Spanish NER Model

Description

  • This model is imported from Hugging Face.

  • RoBERTa-base-bne is a transformer-based masked language model for the Spanish language. It is based on the RoBERTa base model and has been pretrained using the largest Spanish corpus known to date, with a total of 570GB of clean and deduplicated text processed for this work, compiled from the web crawlings performed by the National Library of Spain (Biblioteca Nacional de España) from 2009 to 2019.

Predicted Entities

OTH, PER, LOC, ORG

Download Copy S3 URI

How to use

documentAssembler = DocumentAssembler()\
      .setInputCol("text")\
      .setOutputCol("document")

sentenceDetector = SentenceDetectorDLModel.pretrained("sentence_detector_dl", "xx")\
       .setInputCols(["document"])\
       .setOutputCol("sentence")

tokenizer = Tokenizer()\
      .setInputCols(["sentence"])\
      .setOutputCol("token")

tokenClassifier = RoBertaForTokenClassification.pretrained("roberta_token_classifier_bne_capitel_ner", "es"))\
  .setInputCols(["sentence",'token'])\
  .setOutputCol("ner")

ner_converter = NerConverter()\
      .setInputCols(["sentence", "token", "ner"])\
      .setOutputCol("ner_chunk")

nlpPipeline = Pipeline(stages=[documentAssembler, sentenceDetector, tokenizer, tokenClassifier, ner_converter])

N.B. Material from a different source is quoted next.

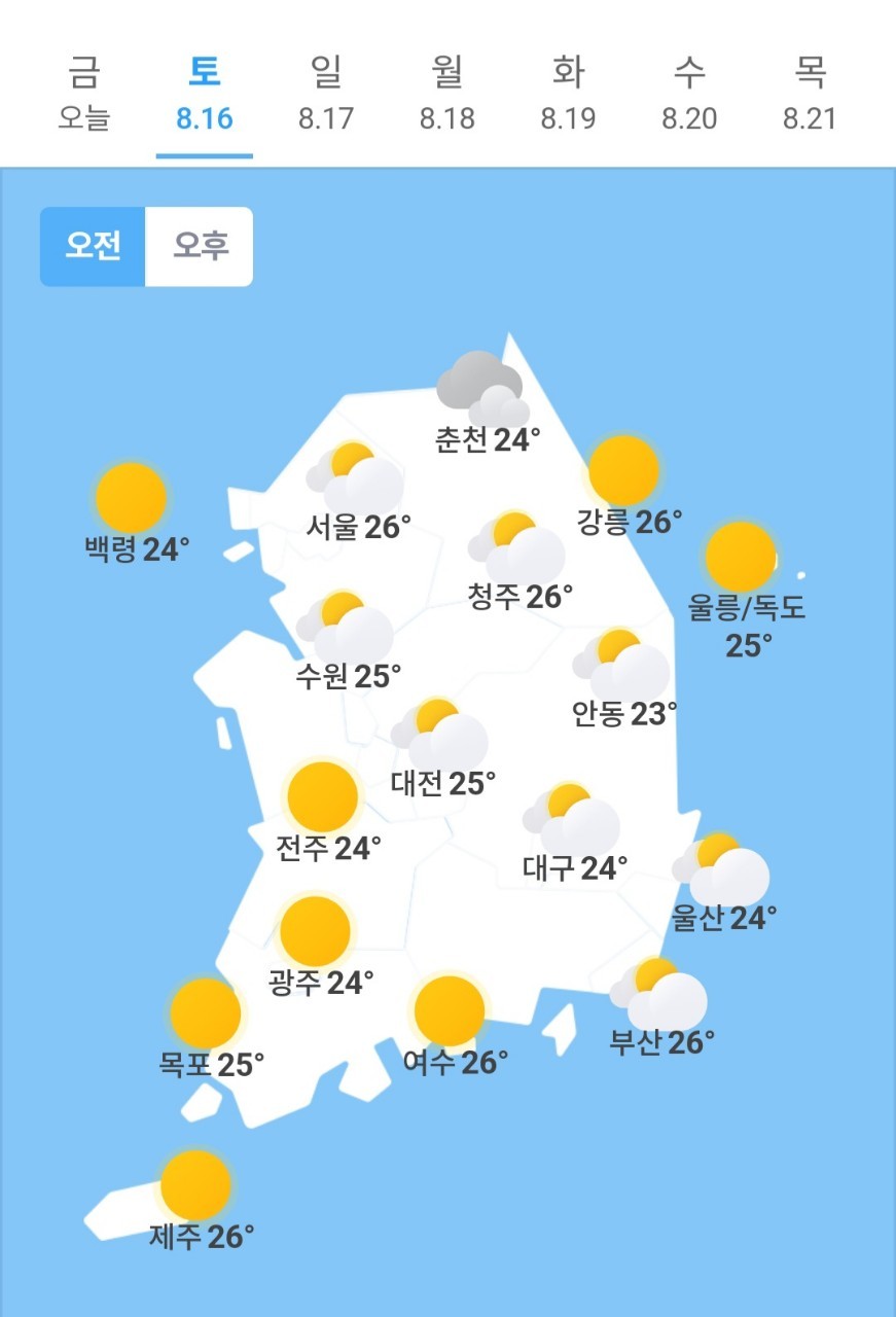 | 오늘의 날씨 🌞☔️☃️ , 2025년 8월 17일 일요일 (0) | 2025.08.16 |

empty_data = spark.createDataFrame([[""]]).toDF("text")

model = nlpPipeline.fit(empty_data)
text = """Me llamo Antonio y trabajo en la fábrica de Mercedes-Benz en Madrid."""
result = model.transform(spark.createDataFrame([[text]]).toDF("text"))
val documentAssembler = DocumentAssembler()
      .setInputCol("text")
      .setOutputCol("document")

val sentenceDetector = SentenceDetectorDLModel.pretrained("sentence_detector_dl", "xx")
       .setInputCols(Array("document"))
       .setOutputCol("sentence")

val tokenizer = Tokenizer()
      .setInputCols(Array("sentence"))
      .setOutputCol("token")

val tokenClassifier = RoBertaForTokenClassification.pretrained("roberta_token_classifier_bne_capitel_ner", "es"))
  .setInputCols(Array("sentence","token"))
  .setOutputCol("ner")

ner_converter = NerConverter()
      .setInputCols(Array("sentence", "token", "ner"))
      .setOutputCol("ner_chunk")

val pipeline = new Pipeline().setStages(Array(documentAssembler, sentenceDetector, tokenizer, tokenClassifier, ner_converter))

val example = Seq.empty["Me llamo Antonio y trabajo en la fábrica de Mercedes-Benz en Madrid."].toDS.toDF("text")

val result = pipeline.fit(example).transform(example)
import nlu
nlu.load("es.ner.roberta").predict("""Me llamo Antonio y trabajo en la fábrica de Mercedes-Benz en Madrid.""")

Results

+------------------------+---------+
|chunk                   |ner_label|
+------------------------+---------+
|Antonio                 |PER      |
|fábrica de Mercedes-Benz|ORG      |
|Madrid.                 |LOC      |
+------------------------+---------+

Model Information

Model Name: roberta_token_classifier_bne_capitel_ner
Compatibility: Spark NLP 3.3.2+
License: Open Source
Edition: Official
Input Labels: [sentence, token]
Output Labels: [ner]
Language: es
Case sensitive: true
Max sentense length: 256

Data Source

https://huggingface.co/PlanTL-GOB-ES/roberta-base-bne-capitel-ner-plus

Benchmarking

label   score
   f1   0.8867